On 6 Jul 2011, at 11:45, Sebastian Reitenbach wrote:

> 
> On Wednesday, July 6, 2011 12:14 CEST, David Chisnall <theraven@sucs.org> 
> wrote: 
> 
>> On 6 Jul 2011, at 11:02, David Chisnall wrote:
>> 
>>> On 6 Jul 2011, at 10:55, Sebastian Reitenbach wrote:
>>> 
>>>> Error: Instance variables in NSTextTable overlap superclass NSTextBlock.  
>>>> Offset of first instance variable, _layoutAlgorithm, is 196.  Last 
>>>> instance variable in superclass, _widthType, ends at offset 148.  This 
>>>> probably means that you are subclassing aclass from a library, which has 
>>>> changed in a binary-incompatibleway.
>>> 
>>> I think this is a bug in how libobjc2 is calculating sizes.  The last ivar 
>>> of NSTextBlock is an array of arrays, and my guess is that the runtime 
>>> thinks that it is smaller than it is.
>> 
>> Having said that, I can't actually reproduce this, and objc_sizeof_type() 

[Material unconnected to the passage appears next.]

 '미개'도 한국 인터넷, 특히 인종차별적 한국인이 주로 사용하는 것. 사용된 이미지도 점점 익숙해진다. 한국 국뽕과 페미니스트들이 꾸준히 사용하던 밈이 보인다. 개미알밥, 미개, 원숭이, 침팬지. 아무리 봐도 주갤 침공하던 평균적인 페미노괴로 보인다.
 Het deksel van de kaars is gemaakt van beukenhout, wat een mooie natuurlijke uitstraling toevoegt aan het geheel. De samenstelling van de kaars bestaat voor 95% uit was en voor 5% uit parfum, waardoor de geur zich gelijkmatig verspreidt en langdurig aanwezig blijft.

>> seems to return the same size as sizeof() for me when I copy the last ivar 
>> into a file and test it.  
>> 
>> Both of these numbers look a bit wrong.  For me, class_getInstanceSize() 

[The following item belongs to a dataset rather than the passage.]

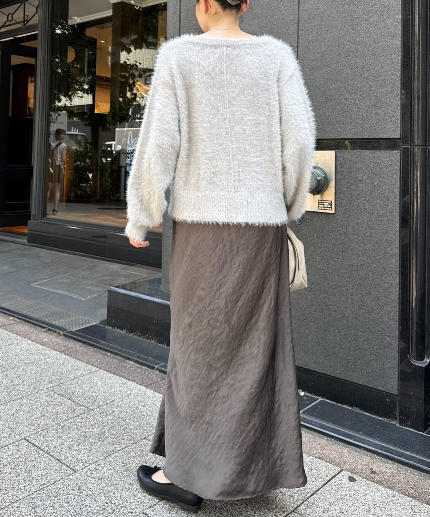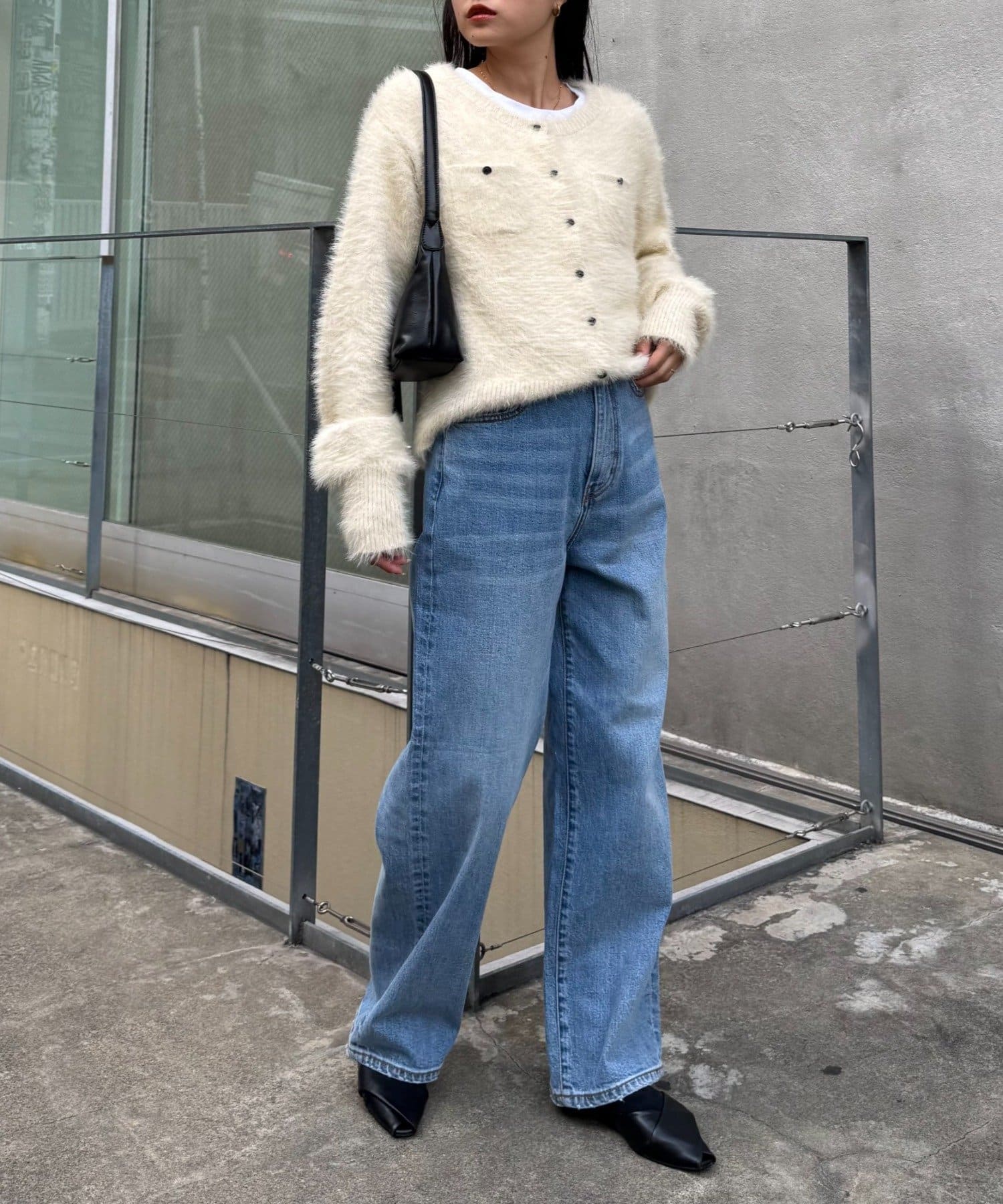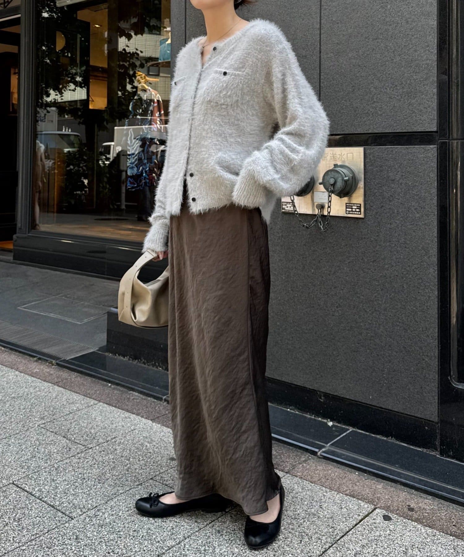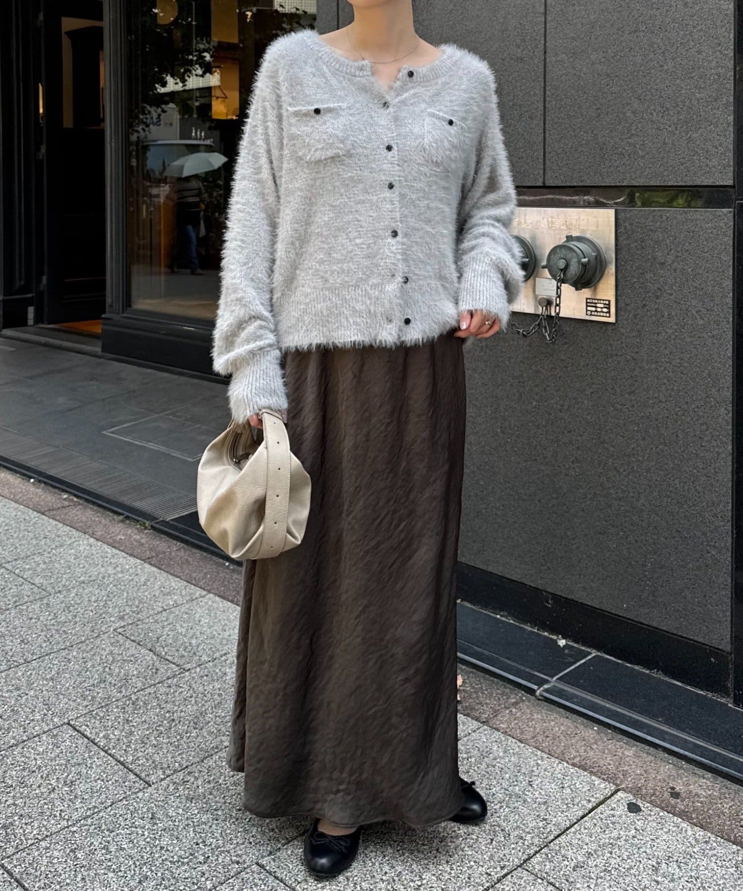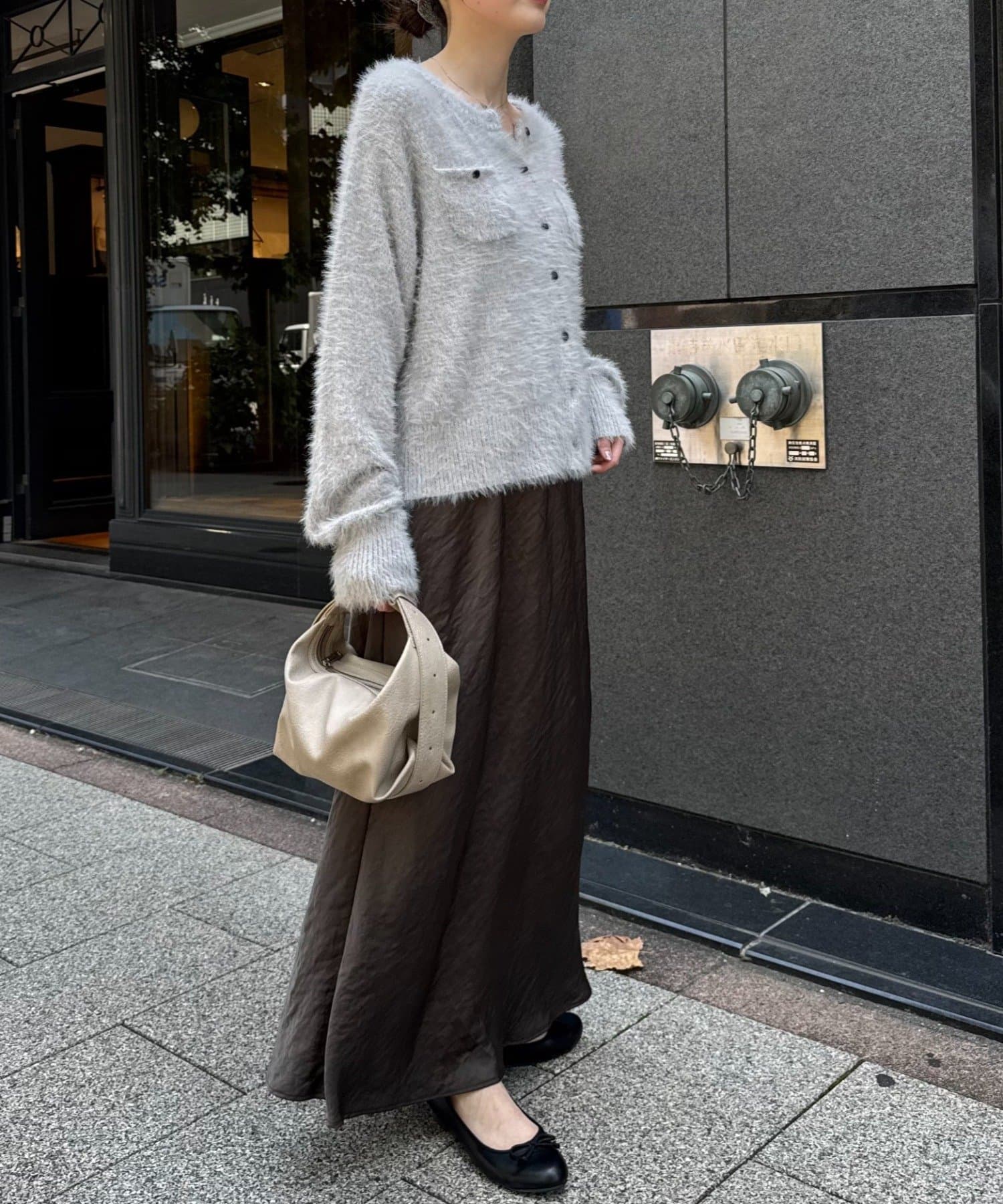 まるでカシミヤのような、ふわふわと柔らかな風合いが魅力のシャギーニットカーディガン。
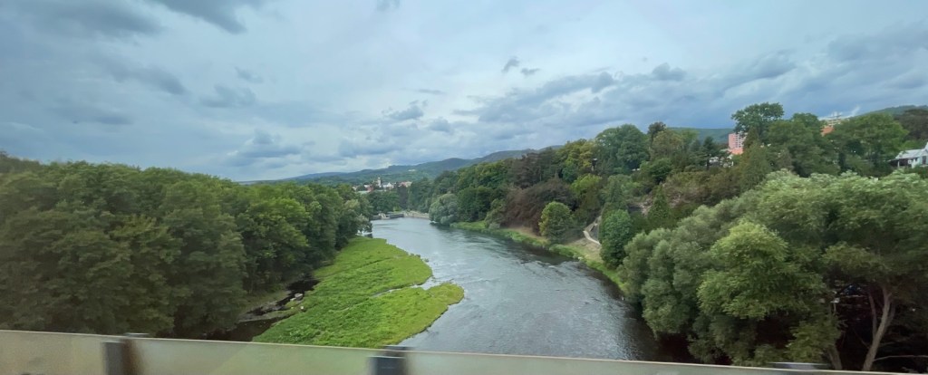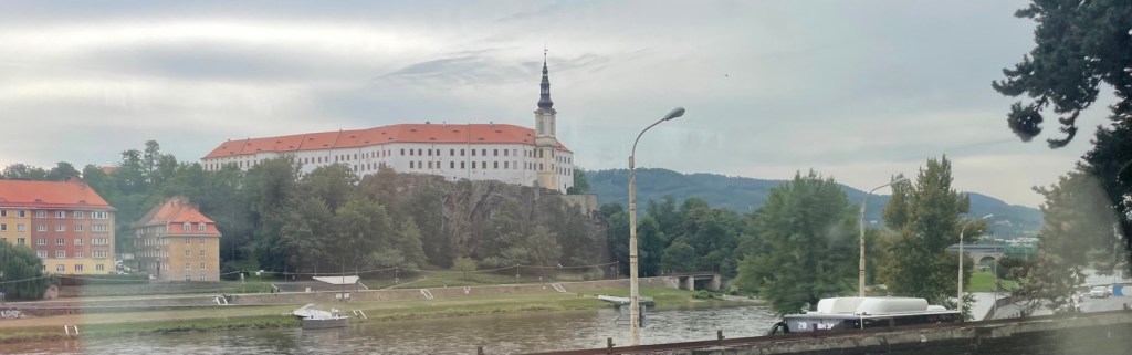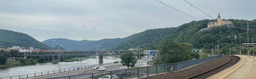 Mit Ereichen der tschechischen Stadt Decin schliesst sich ein Kreis. Ein paar Tage früher habe ich hier das Elbetal verlassen und bin über die Eisenbahnbrücke und vorbei am nur kurz sichtbaren Kloster Richtung Riesengebirge gereist.

>> returns 172 for NSTextBlock, so unless you've got some very strict alignment 
>> requirements 196 looks too large.  The header doesn't seem to have been 
>> modified for a long time, so I'm not sure how it could happen.
> IIRC, the alignment is fairly strict on sparc64, but I'm not an expert ;)

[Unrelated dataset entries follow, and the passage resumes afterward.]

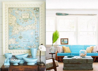 清雅的色彩加上不拘一格的造型,這些水藍色瓷器的點綴增加了空間的秩序感。若和一件古董家具放置在一起,更是散發(fā)出了藝術(shù)的博大氣息。 純藍色布藝的扶手沙發(fā)、淡藍色收納盒以及有些破舊的藍色劃槳裝飾,整個客廳空間處處透露出藍色的輕快明朗,卻因為大面積的光線流入,而又不會顯得過于冷清。 |
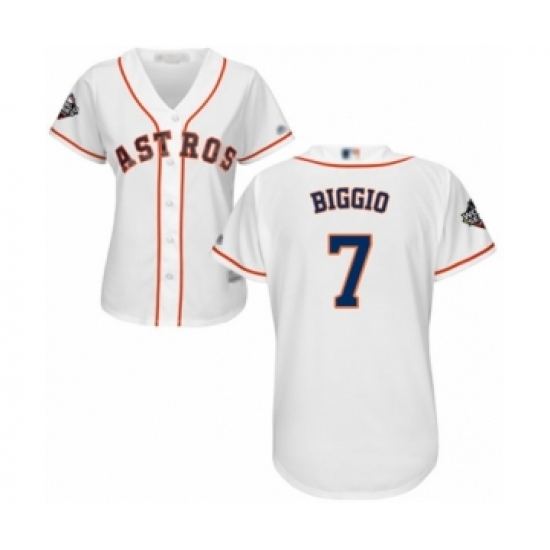 >Women's Houston Astros #7 Craig Biggio Authentic White Home Cool Base 2019 World Series Bound Baseball Jersey
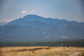 Wir checkten ohne Frühstück aus und fuhren in Richtung Thessaloniki davon. Ziel war der Olymp, den wir trotz seiner Höhe von fast 3.000 Metern wegen der Rauchwolke erst entdeckten, als er sich mehr oder weniger kurz vor uns aufbaute. Keine tolle Sicht, um auf einen Berg zu fahren. Zumindest war die Fahrt verhältnismäßig kurz und wir erreichten den Olymp nach nur 1 1/2 Stunden. Ich hatte bei Goolge Maps die alten Klöster und einen Wasserfall zur Besichtigung herausgesucht. |
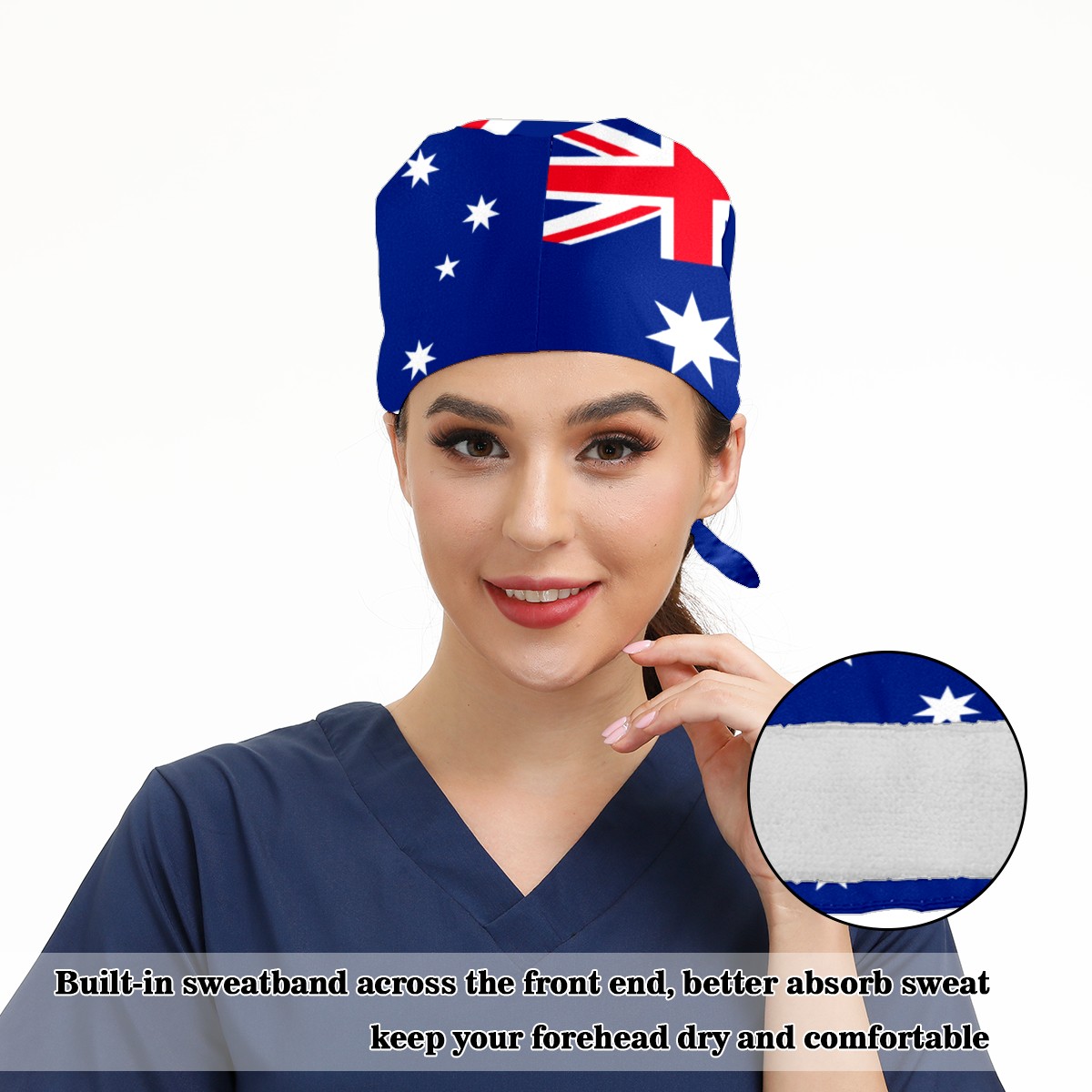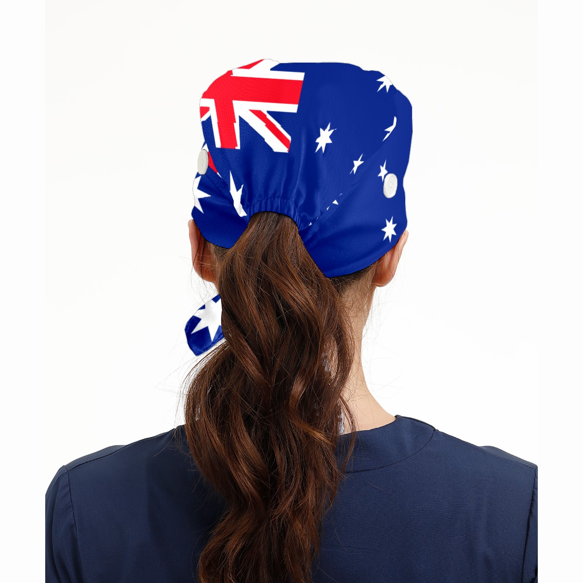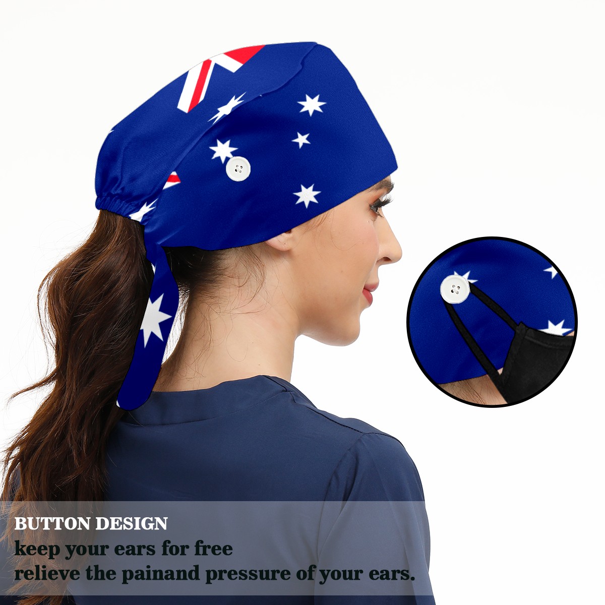 Australia Flag Working Cap Button and Sweatband Adjustable Elastic Head Cover Hair Tie Back Work Hats for Women Men

Hmm, 196 might be correct for SPARC64.

>> Can you tell me from the debugger:
>> 
>> - What the type encoding of the last ivar is
>> - What the calculated size of the last ivar is
> Do you can give me a hint how I can figure this out? At which frame stack I 
> should potentially go, or where to set a breakpoint, and what to enter?

The stack frame that calls abort (objc_compute_ivar_offsets()).  It has a local 
variable called ivar, which is the last ivar in the superclass.  It uses this 
to calculate the size from the type.